# Exercise prompt
Without pictures, repeat exactly the lines from the one containing "Matica hrvatska u" through the end of the entries.

(Dataset excerpts)
--

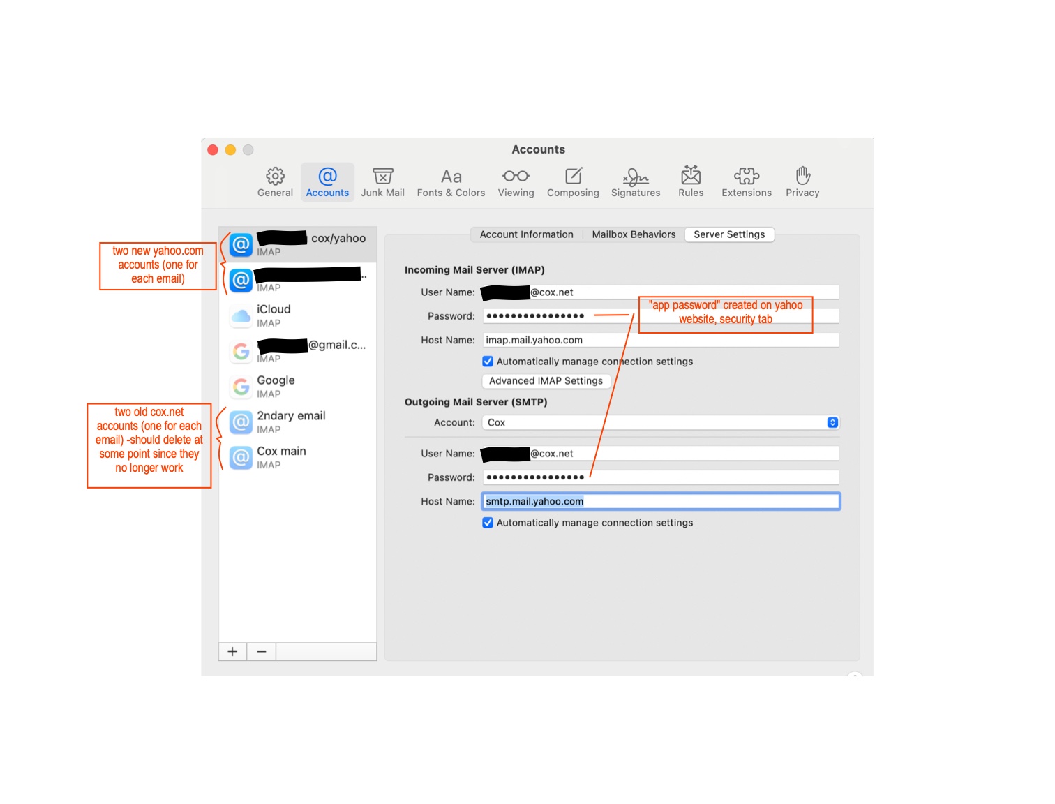 Regarding woodmeister50's comment that pretty much any email service can be added to the Apple Mail app...this is absolutely true. But keeping the ability to use our Cox email addresses with Yahoo Mail requires quite a bit of preparation beforehand.
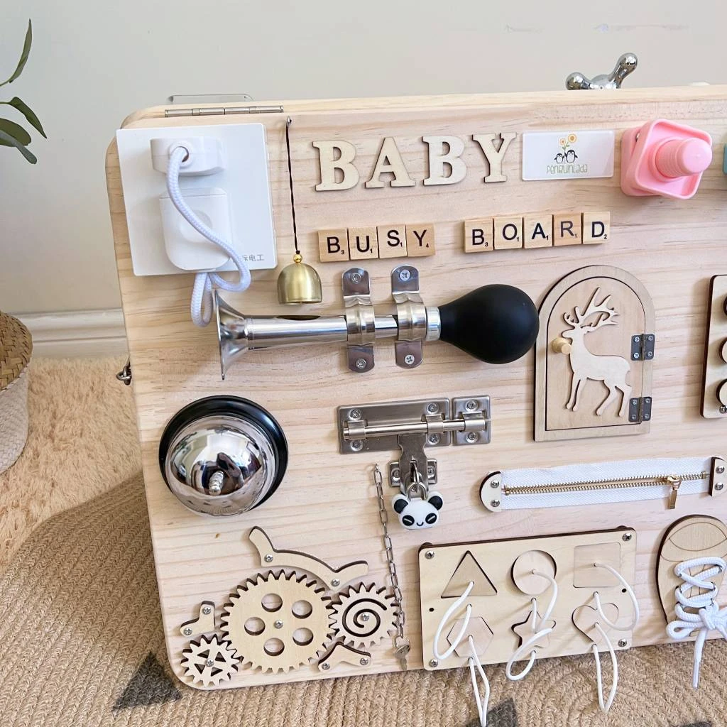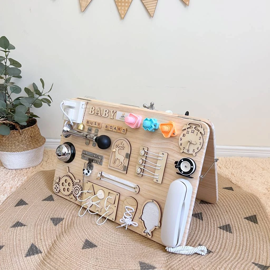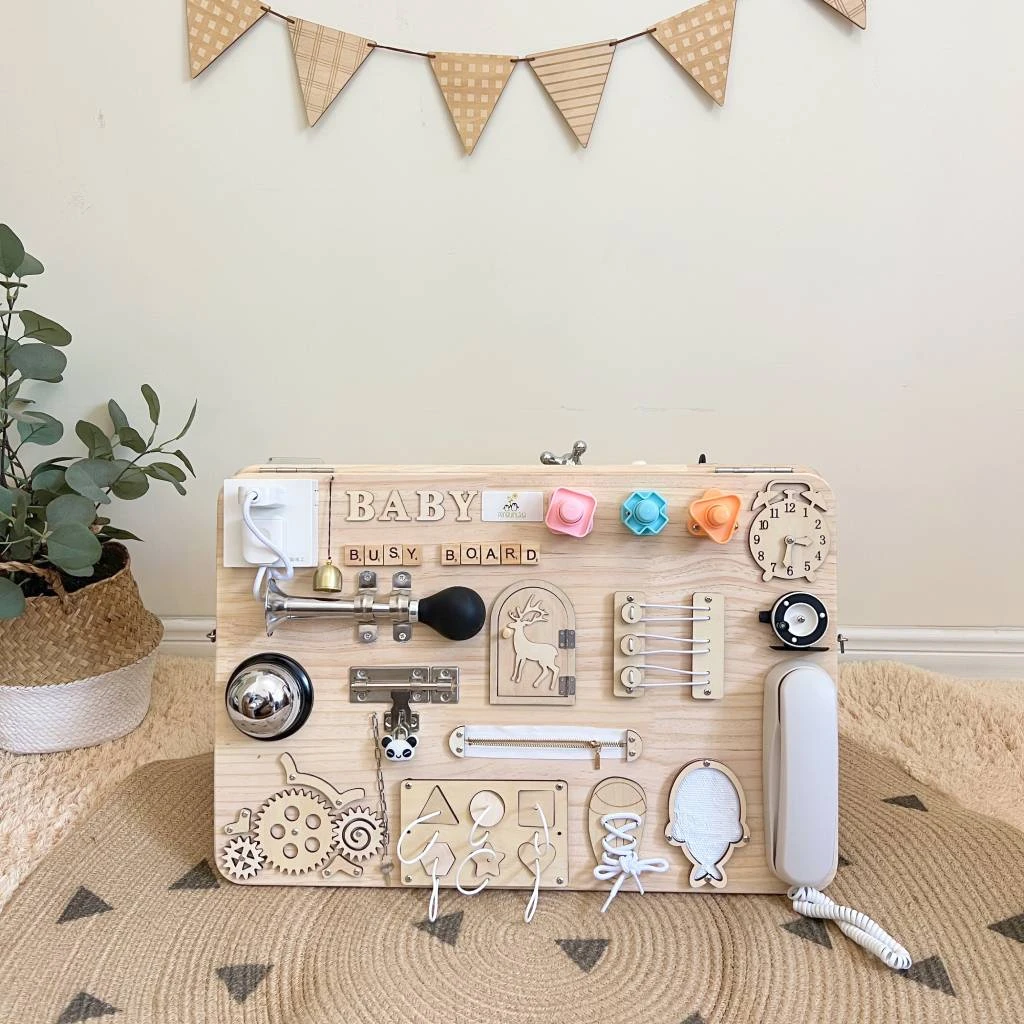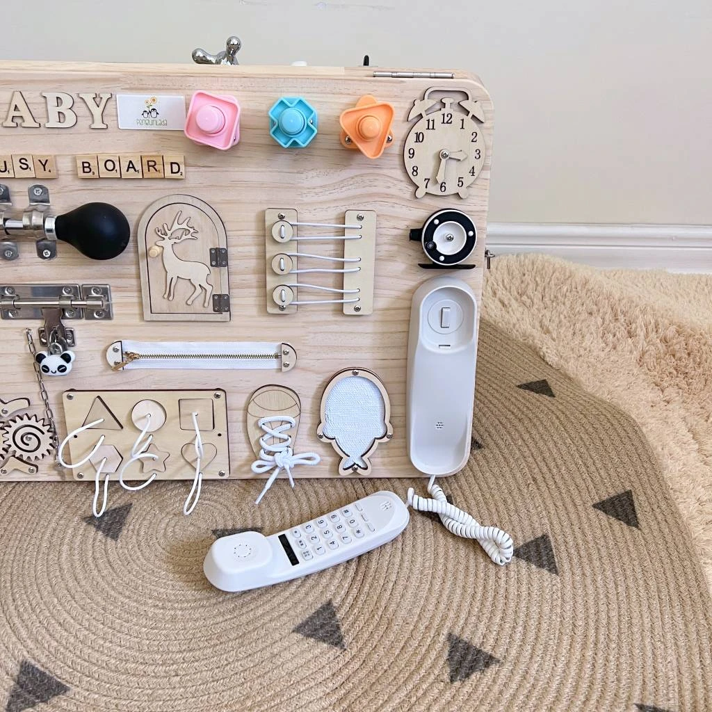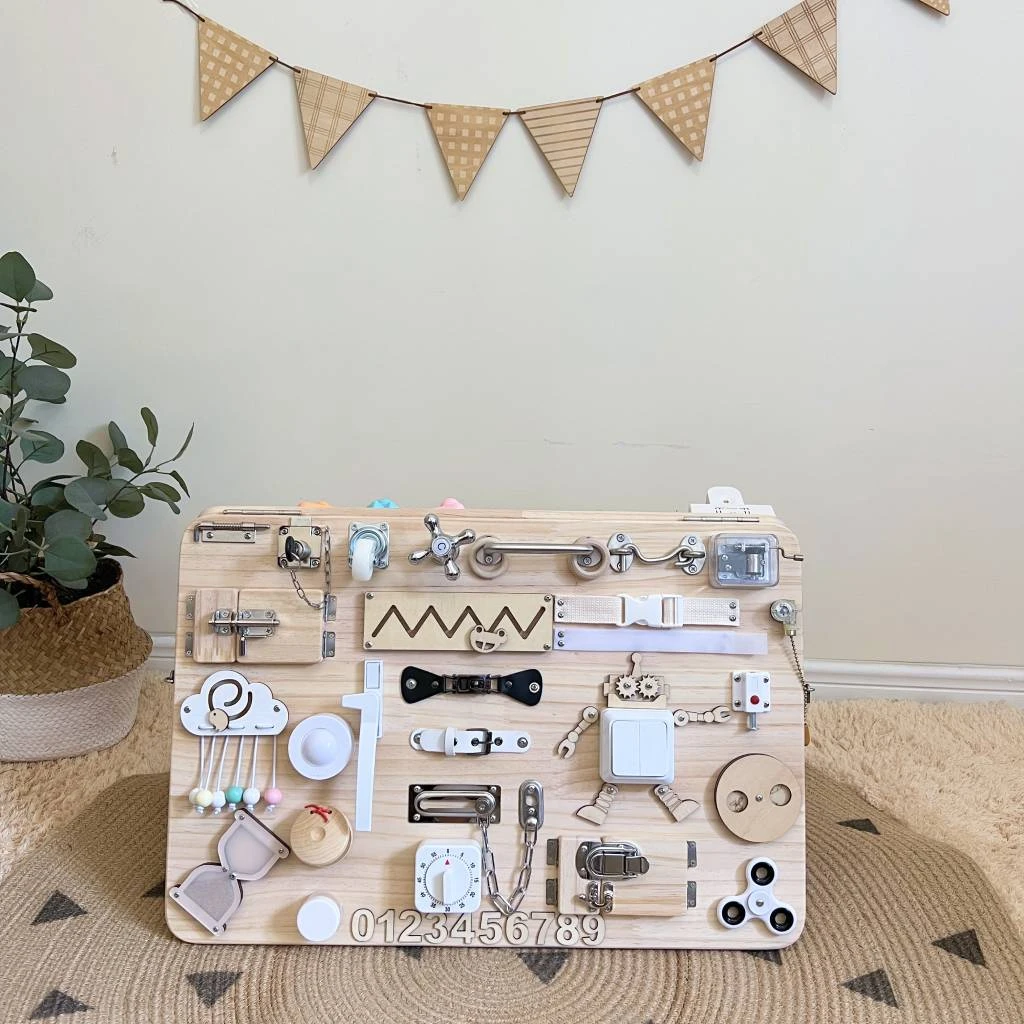 Our Busyboard is the perfect toy to impart essential skills through Montessori Method. Through playing, the little one get exposed to:
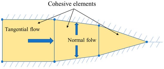 Assuming that the fracturing fluid is an incompressible Newtonian fluid, the fluid flow in the cohesive element can be divided into tangential flow and normal flow.
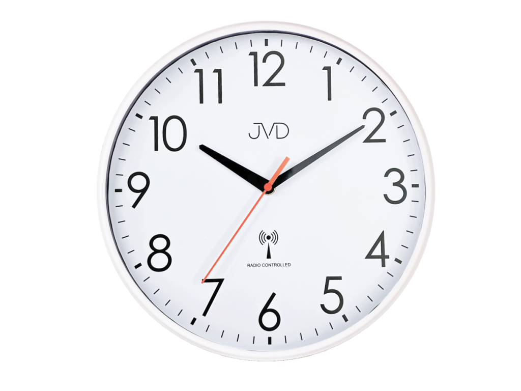 Rádiem řízené nástěnné hodiny JVD RH502.3 bílé quartzový strojek, tichý chod
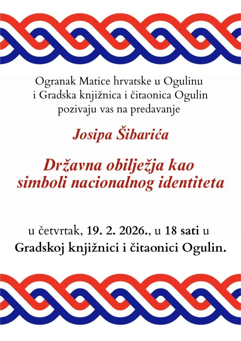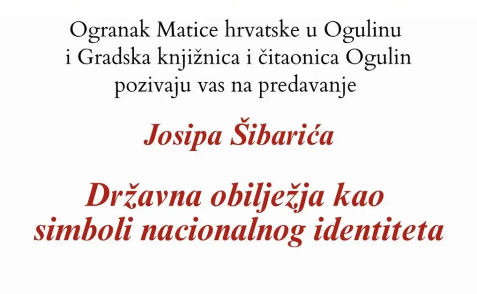 Matica hrvatska u Ogulinu i Gradska knjižnica i čitaonica Ogulin organiziraju predavanje Josip Šibarića pod nazivom „Državna obilježja kao simboli nacionalnog identiteta“.
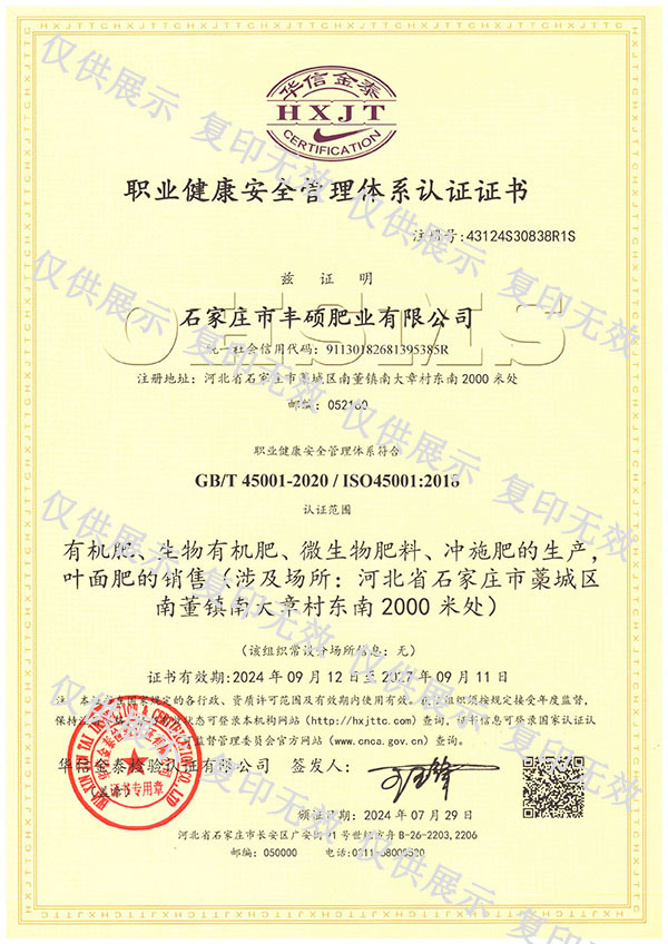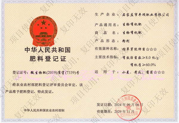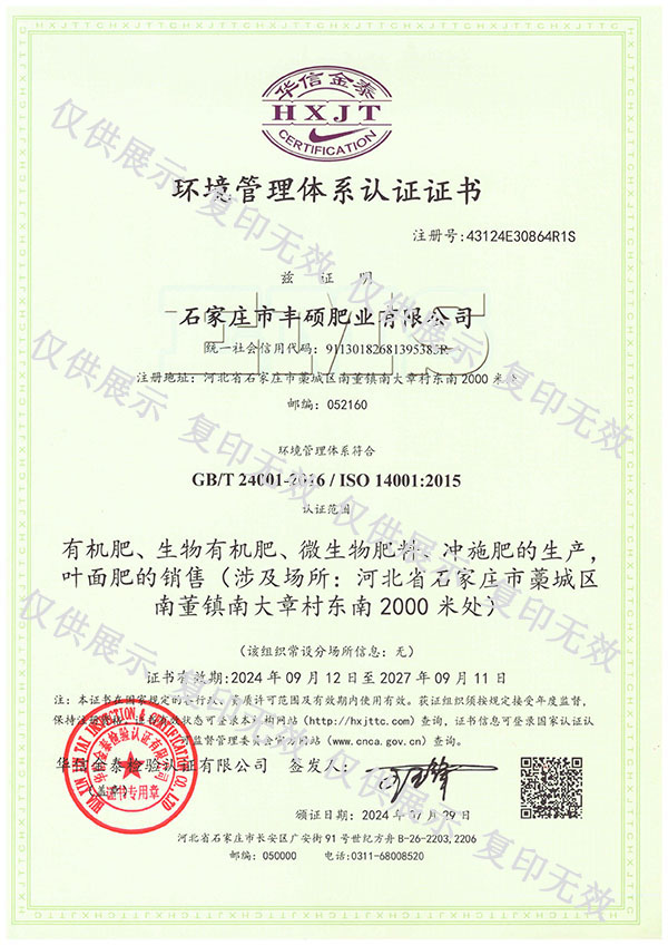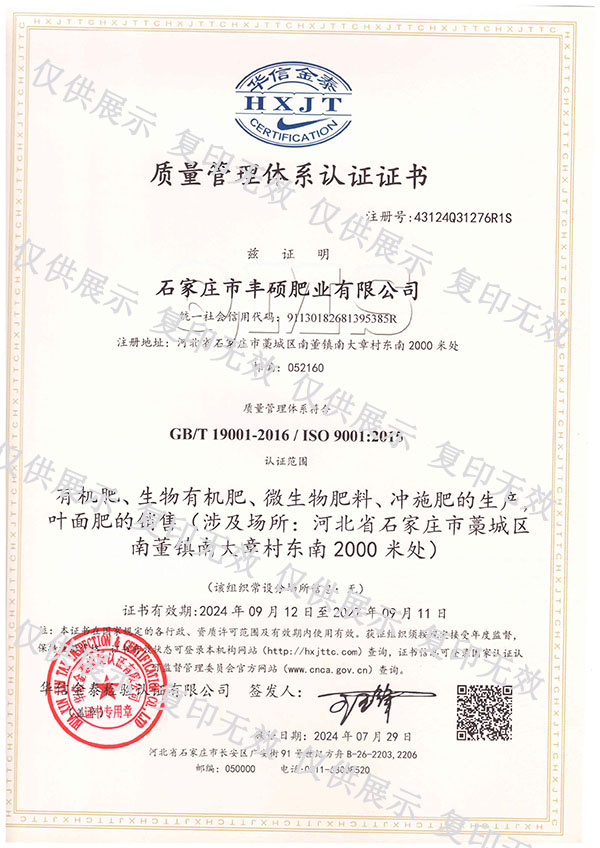 石家莊市豐碩肥業(yè)有限公司是一家集新型肥料的研發(fā)、制造、營銷、服務(wù)于一體的高新技術(shù)企業(yè),公司自2008年創(chuàng)辦以來,一直致力于新型肥料的技術(shù)研發(fā)和市場推廣。公司組建了豐碩新型肥料研究中心(院士專家企業(yè)工作站),自主知識產(chǎn)權(quán)研發(fā)團(tuán)隊(duì)專業(yè)科研人員20余人,獲得了多項(xiàng)肥料國家發(fā)明專利。公司目前已擁有發(fā)酵類有機(jī)肥、微生物菌劑、生物有機(jī)肥、土壤調(diào)理劑、大量元素水溶肥、含腐植酸肥料、含氨基酸肥料、中微量元素肥料等8大品類,“金維克”、“豐碩沃農(nóng)”等2大自有品牌,擁有20多個暢銷品種。目前,我公司已經(jīng)通過了“ISO9001 質(zhì)量管理體系認(rèn)證”、“ISO14001 環(huán)境管理體系認(rèn)證”、“OHSAS18001 職業(yè)健康管理體系認(rèn)證”。...
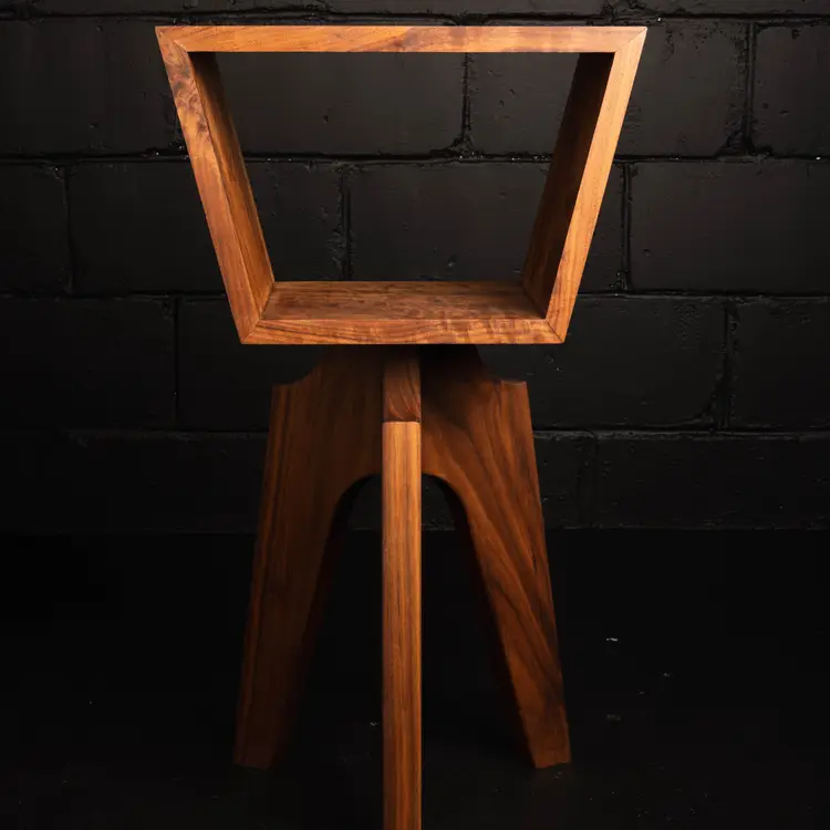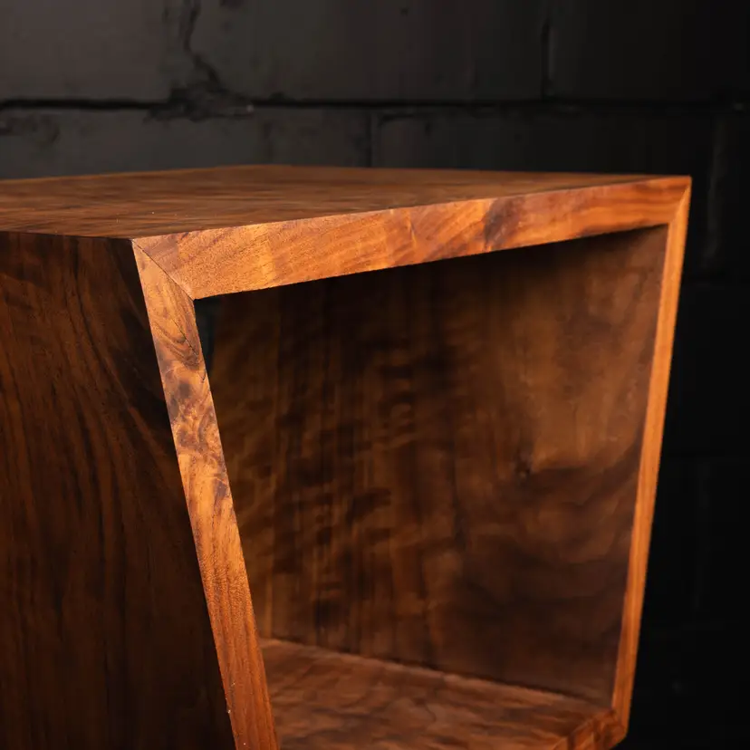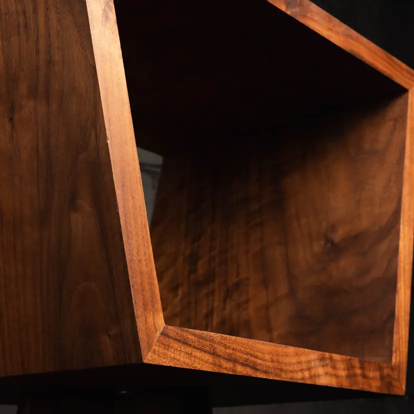 Crafted from solid walnut, this sculptural piece celebrates the natural beauty of the material through a continuous waterfall grain that wraps seamlessly around the entire form. The grain flows uninterrupted across each surface, creating a sense of movement and cohesion that emphasizes the integrity of the design.

--

# Answer to this exercise
 Matica hrvatska u Ogulinu i Gradska knjižnica i čitaonica Ogulin organiziraju predavanje Josip Šibarića pod nazivom „Državna obilježja kao simboli nacionalnog identiteta“.
 石家莊市豐碩肥業(yè)有限公司是一家集新型肥料的研發(fā)、制造、營銷、服務(wù)于一體的高新技術(shù)企業(yè),公司自2008年創(chuàng)辦以來,一直致力于新型肥料的技術(shù)研發(fā)和市場推廣。公司組建了豐碩新型肥料研究中心(院士專家企業(yè)工作站),自主知識產(chǎn)權(quán)研發(fā)團(tuán)隊(duì)專業(yè)科研人員20余人,獲得了多項(xiàng)肥料國家發(fā)明專利。公司目前已擁有發(fā)酵類有機(jī)肥、微生物菌劑、生物有機(jī)肥、土壤調(diào)理劑、大量元素水溶肥、含腐植酸肥料、含氨基酸肥料、中微量元素肥料等8大品類,“金維克”、“豐碩沃農(nóng)”等2大自有品牌,擁有20多個暢銷品種。目前,我公司已經(jīng)通過了“ISO9001 質(zhì)量管理體系認(rèn)證”、“ISO14001 環(huán)境管理體系認(rèn)證”、“OHSAS18001 職業(yè)健康管理體系認(rèn)證”。...
 Crafted from solid walnut, this sculptural piece celebrates the natural beauty of the material through a continuous waterfall grain that wraps seamlessly around the entire form. The grain flows uninterrupted across each surface, creating a sense of movement and cohesion that emphasizes the integrity of the design.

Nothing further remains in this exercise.